Coming from the hustle and bustle of Rome, Lovino thought he may have walked on the graveyard of a city that was, and not is. He looked up at the gray and white Baroque buildings decorated in the scattered, sparkling mist, and they looked completely different than the gray and white Baroque buildings in Rome. Because whereas these were dead, cold, and perfect, the ones in Rome were alive, and warm, and completely imperfect.
But Lovino didn't feel alive. And in fact, he felt much more comfortable walking in the veil of a city and country he didn't belong to. At least he was hidden. At least he was a mystery. At least he was free. And freedom exists only in anonymity. Isn't that right?
It was Spring, but not in the Roman way. The Vienna streets were quiet, vacant, almost ghostly. Lovino breezed through them easily on his trek to the Belvedere. There was no reason for him to be in Vienna aside from the lack of reason itself, but he liked museums and the safety of them.
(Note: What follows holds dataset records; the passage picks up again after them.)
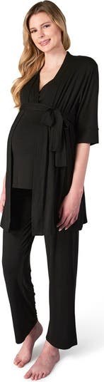 This soft and stylish 3-piece gift is the perfect sleep and loungewear set for pregnancy, hospital and home. The maternity/nursing top has cross-over chest that pulls aside for easy discreet nursing after baby arrives, while the pant has a stretchy, smocked waistband that fits just under the belly. Throw on the 3/4-sleeve short robe as a stylish cover up when family and friends visit.
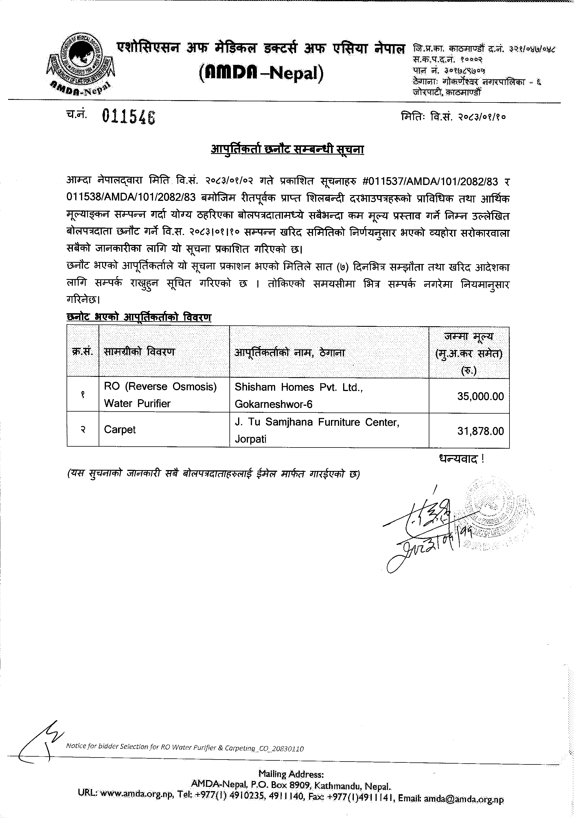 Gokarneshwar-6, Jorpati, Kathmandu, Nepal Tel: +977-1-4910235, 4911140
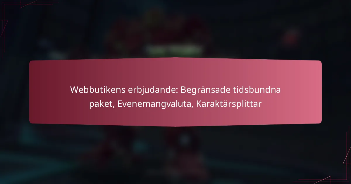 Webbutikens erbjudande: Begränsade tidsbundna paket, Evenemangvaluta, Karaktärsplittar
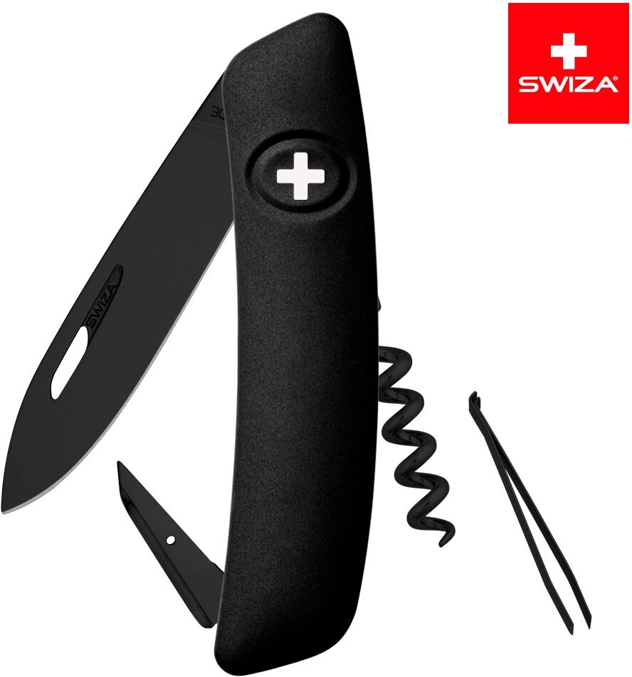 Швейцарский нож Swiza D01 AllBlack, 95 мм, 6 функций, черный (подар. упак.) KNI.0013.1010
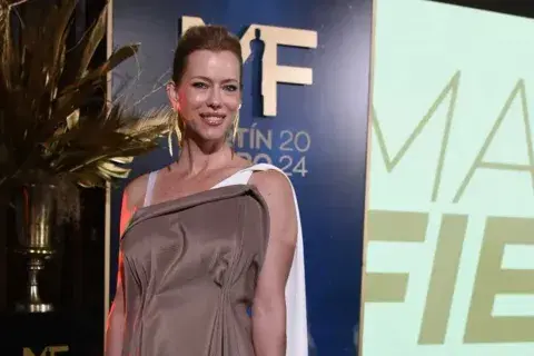 Si hablamos del estilismo elegido por sus hijas, podemos decir que Allegra llegó a la alfombra azul con un diseño largo en color vino con cut out y accesorios de brillantes en la cintura. El vestido de un solo hombro fue confeccionado por Laurencio Adot y le quedaba impecable. Por último, sumó sandalias de tiras con brillantes en color negro y una cartera con brillos a tono.
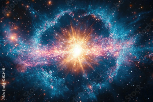 A vibrant cosmic explosion, showcasing a brilliant burst of energy and celestial colors within a nebula.

It was social without the interaction, and productive without the doing.
And besides, his brother had been raving about Gustav Klimt since his trip last year.
Lovino liked art. He liked making art. Appreciating it was something foreign to him, but he did try to understand. It was hard though. Lovino felt so small, walking through the gates and gardens of the Belvedere. He stuffed his hands in his pockets and ignored the clumsy crackle of the gravel beneath his shoes. He put on an annoyed and bored expression and stalked up to the person selling tickets.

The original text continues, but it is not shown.